Saturday, 14 December 2019

Dirty Vocational Subjects Sullying the August Disciplines

https://www.wired.com/story/how-we-learned-to-love-pedagogical-vapor-stem/

"just tell me what STEM is. Above all, I want to know how science, a byword for all knowledge, and mathematics, the great harmonies of the universe—two august disciplines that have defined education since antiquity—yoked themselves to the vocational field of engineering and, worst of all, to “technology,” which could mean almost anything from space mirrors to VSCO girls."

... I can't tell if Virginia is being faceitious or not.  Probably not.  Brains are paramount in academics, they may as well be in jars.
I wonder what Matt Crawford would say about this dismissal of manual intelligence.

https://temkblog.blogspot.com/2019/09/there-is-no-stem.html


As one of those vocational teacher types the 'august disciplines" have yoked themselves to, I'm once again thumped in the head with just how classist the education system is, but it was a bit of a shock to see WIRED advocating it.  I wrote about how there really is no such thing as STEM, at least in Ontario classrooms, in September.   Nice to see WIRED weighing in on the pedagogical smokescreen that is STEM, though I don't think they disentangled it very effectively.


Good to remember that not all academics are so prejudiced.

Mathematics (aka: 'the great harmonies of the universe') and science ("a byword for knowledge") are pretty much all STEM are about when it comes to application in the classroom.  There has been no real movement on technology and engineering in the high schools where we are.  All STEM has done is paid for math manipulables and fund science.  Technology and especially engineering are still an afterthought at best.  If you've been fooled by the STEM smokescreen to think that there is any collaboration between those august disciplines and the filthy vocational classes, you can relax, because there isn't.  If you want to be an engineer in university, take science and maths courses, because that's all there are in most high schools.

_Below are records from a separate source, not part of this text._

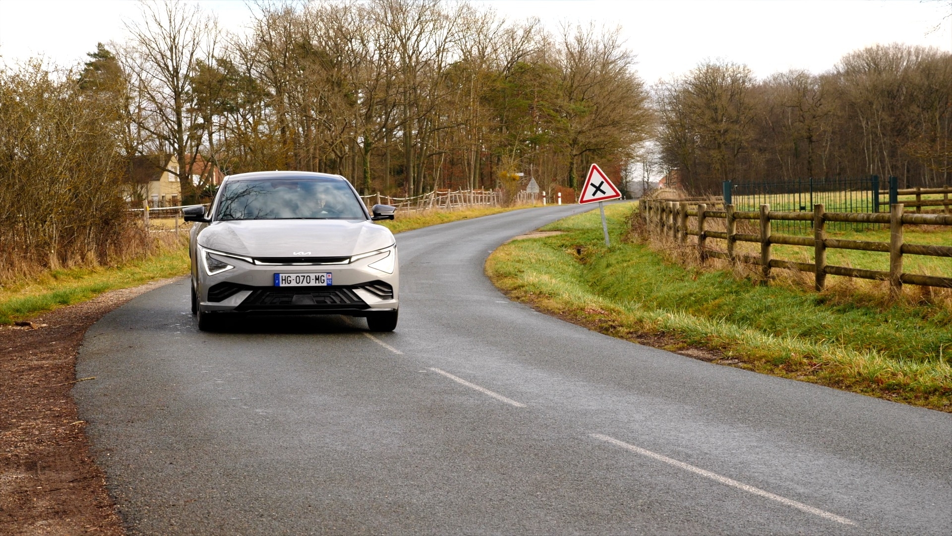 Cependant, il ne faut pas croire que le confort reste en retrait, bien au contraire. Le contrôle du roulis, l’excellente insonorisation des bruits d’air et des bruits de roulement dans une moindre mesure font de cet EV6 un excellent compagnon de voyage. On aurait juste aimé des amortisseurs arrière un peu moins durs, en particulier lors du passage des saignées.
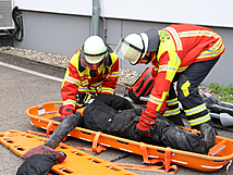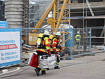 An drei Terminen im Juni und Juli 2024 hat dafür die Freiwillige Feuerwehr Kirchzarten die Stockwerke des Rohbaus für Rettungsszenarien genutzt. Mit einem professionellen Team um Feuerwehrkommandant Karlheinz Strecker erfolgte der Aufbau anspruchsvoller Übungen mit Personenrettung und Brandbekämpfung, die durch die Einsatzkräfte gemeistert werden mussten.
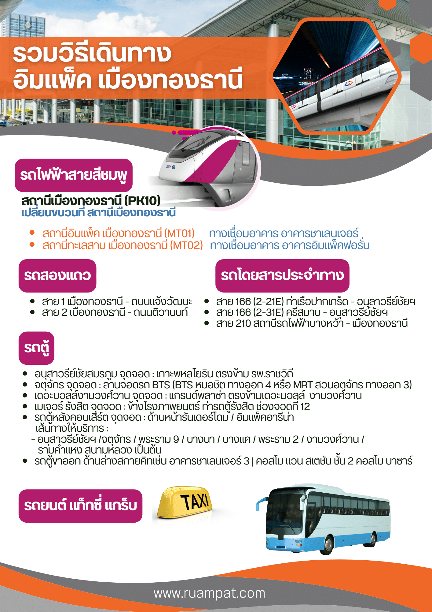 ปัจจุบันสามารถเดินทางมายัง IMPACT เมืองทองธานี ได้สะดวกขึ้นด้วย Bangkok MRT Pink Line สถานีที่ใกล้กับสถานที่จัดงาน ได้แก่
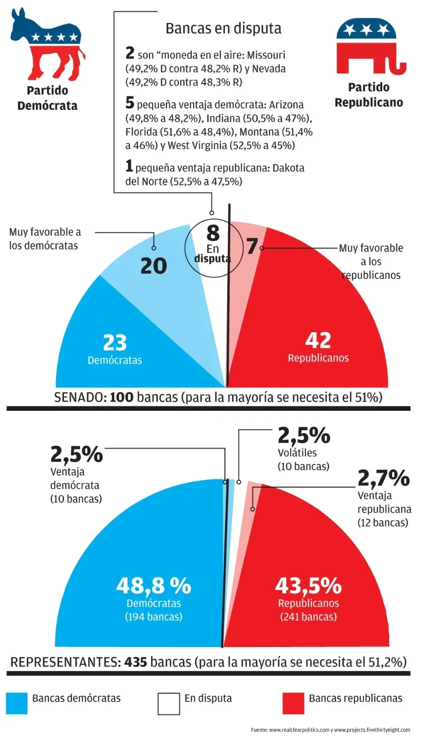 Si todo sucede tal como las encuestas están previendo, Estados Unidos tendría, a partir del 3 de enero de 2019, un Congreso dividido entre ambas facciones. Pero esa división es suficiente para trabar las intenciones legislativas de Trump en los dos años que le quedan de gobierno antes de una nueva elección presidencial en noviembre de 2020.
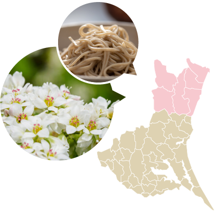 県北地域は、昼夜の気温差が大きいことや水はけのよい傾斜地など、そばの栽培に適した条件が揃っており、江戸時代から「そばどころ」として知られた名産地です。

If you've ever wondered why technology students (and their teachers) feel disenfranchised in their own schools, WIRED has made that adundantly clear in this month's edition.  We're less than, we get it.
An op-ed piece on how the august disciplines that have defined education since antiquity have yoked themselves to vocational fields, along with a cover article about one of those vocational types who dropped out of engineering to make things.  WIRED's come here go away editorial stance is a bit hard to follow.
You'd expect academic types in The Atlantic to rip on skills based education in favour of their own university disciplines, but WIRED ripping on engineering and technology?  I'm at a loss to understand the end game there.  The philosopher in me wants to pull out Aristophanes' Clouds and take a swing at the hallowed halls of academia while the technician wants to point out that people were apprenticing in the trades millenia before anyone was throwing square hats in the air, if we're going to talk about what has defined education since antiquity.

STEM is indeed nonsense, and I don't disagree with a lot of what Virginia says about how the STEM smokescreen has gone down, other than to say that STEM never really happened at all for those of us at the bottom end of the educational value spectrum.